▶ [Data]
____________________
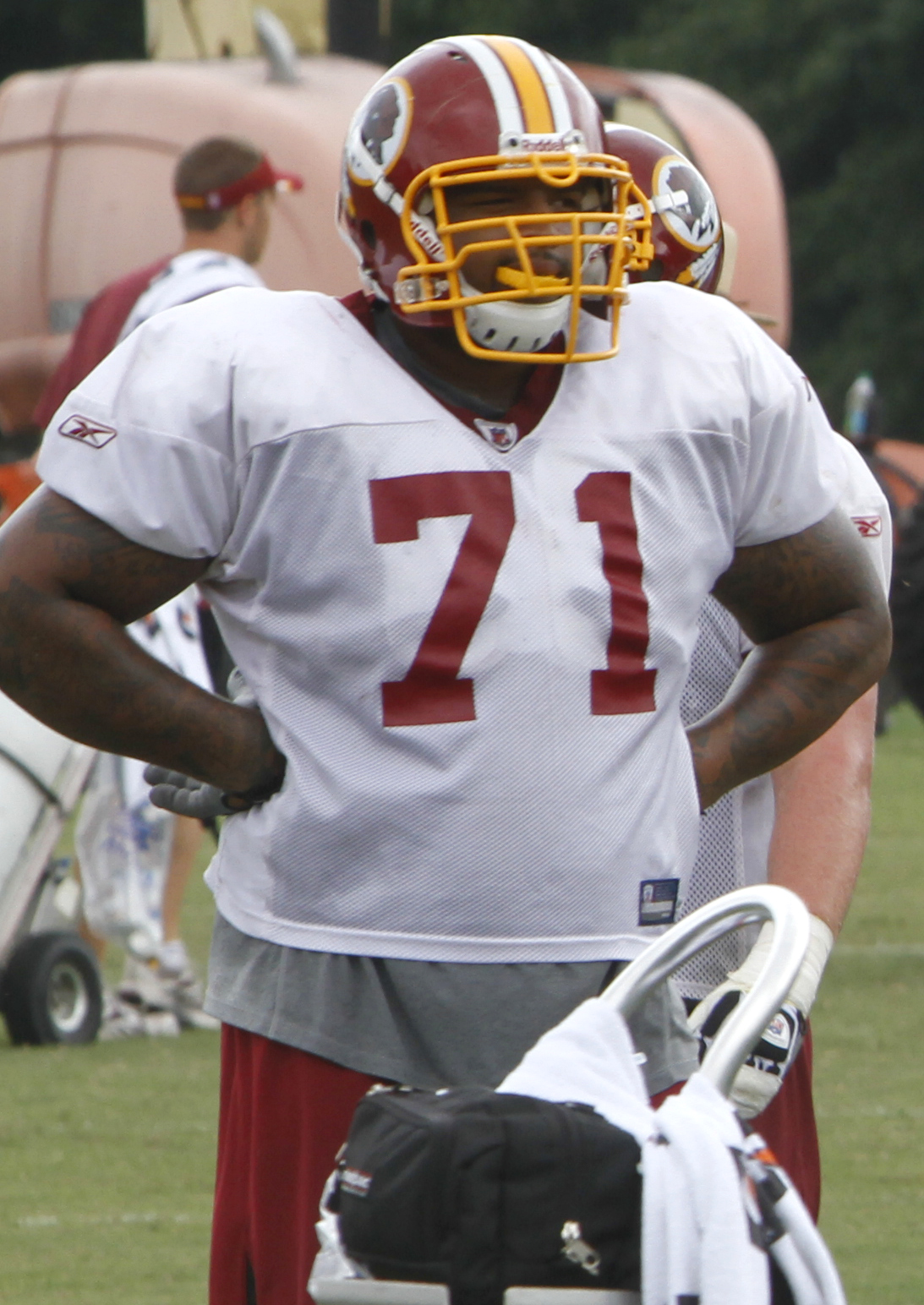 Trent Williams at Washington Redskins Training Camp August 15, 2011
____________________
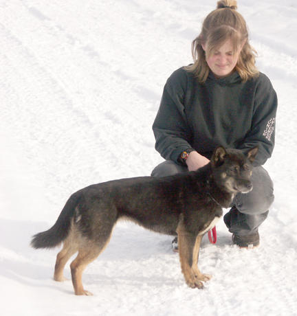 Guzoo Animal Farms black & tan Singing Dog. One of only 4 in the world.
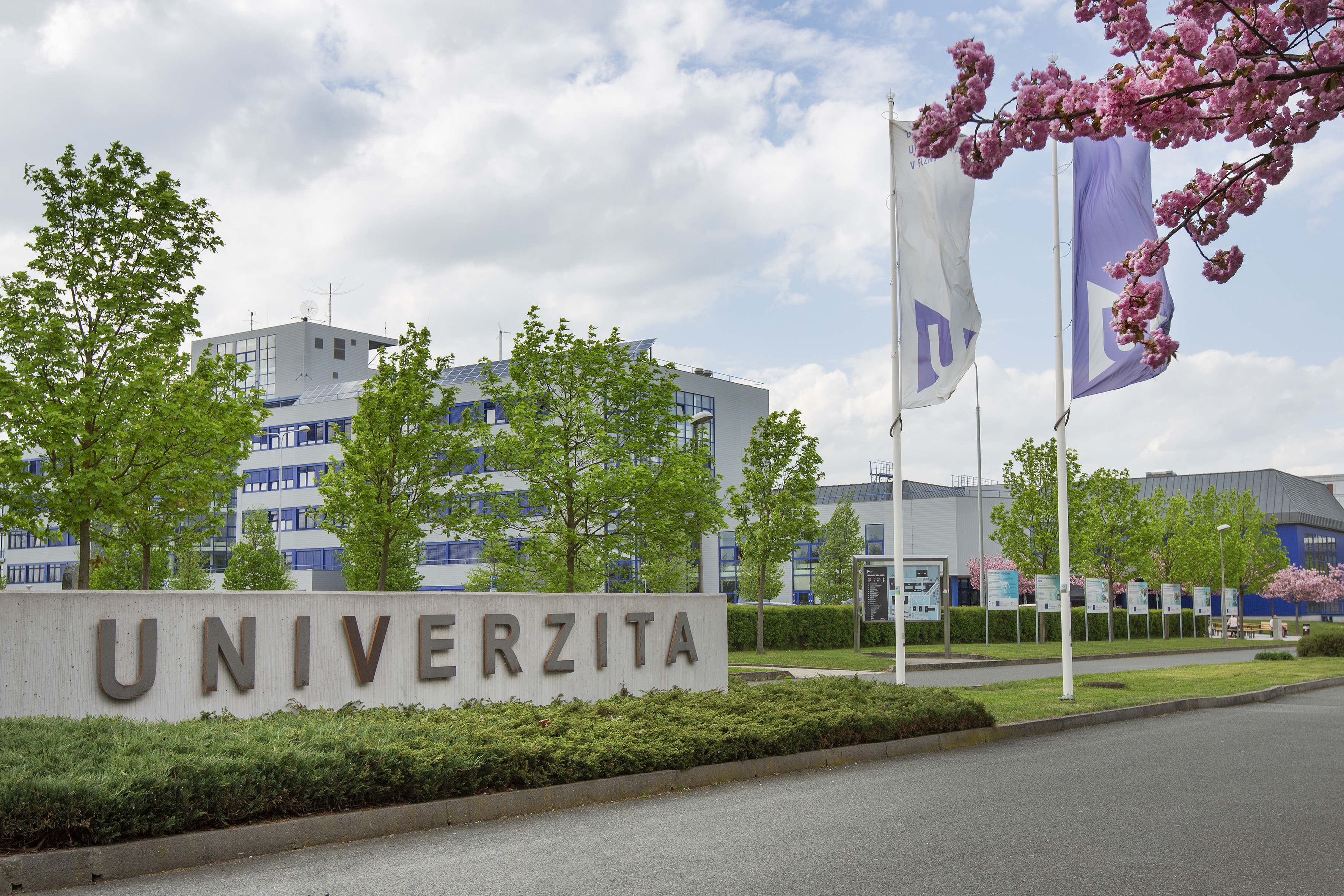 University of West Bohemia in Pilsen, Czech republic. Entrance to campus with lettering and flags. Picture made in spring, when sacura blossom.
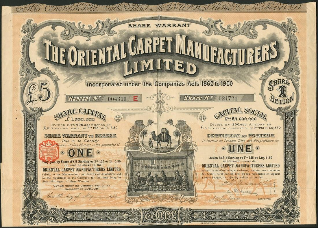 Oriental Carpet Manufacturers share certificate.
____________________
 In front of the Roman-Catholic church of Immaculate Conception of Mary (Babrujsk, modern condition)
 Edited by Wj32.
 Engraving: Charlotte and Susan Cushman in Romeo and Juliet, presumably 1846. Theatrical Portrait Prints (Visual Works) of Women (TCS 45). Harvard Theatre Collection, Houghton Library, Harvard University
____________________
▶ [Task to complete]
Above are entries with pictures among them. Write out exactly the lines from the one containing "University of West" through the one containing "Oriental Carpet Manufacturers", ends included, and leave those pictures out.

▶ [Task result]
 University of West Bohemia in Pilsen, Czech republic. Entrance to campus with lettering and flags. Picture made in spring, when sacura blossom.
 Oriental Carpet Manufacturers share certificate.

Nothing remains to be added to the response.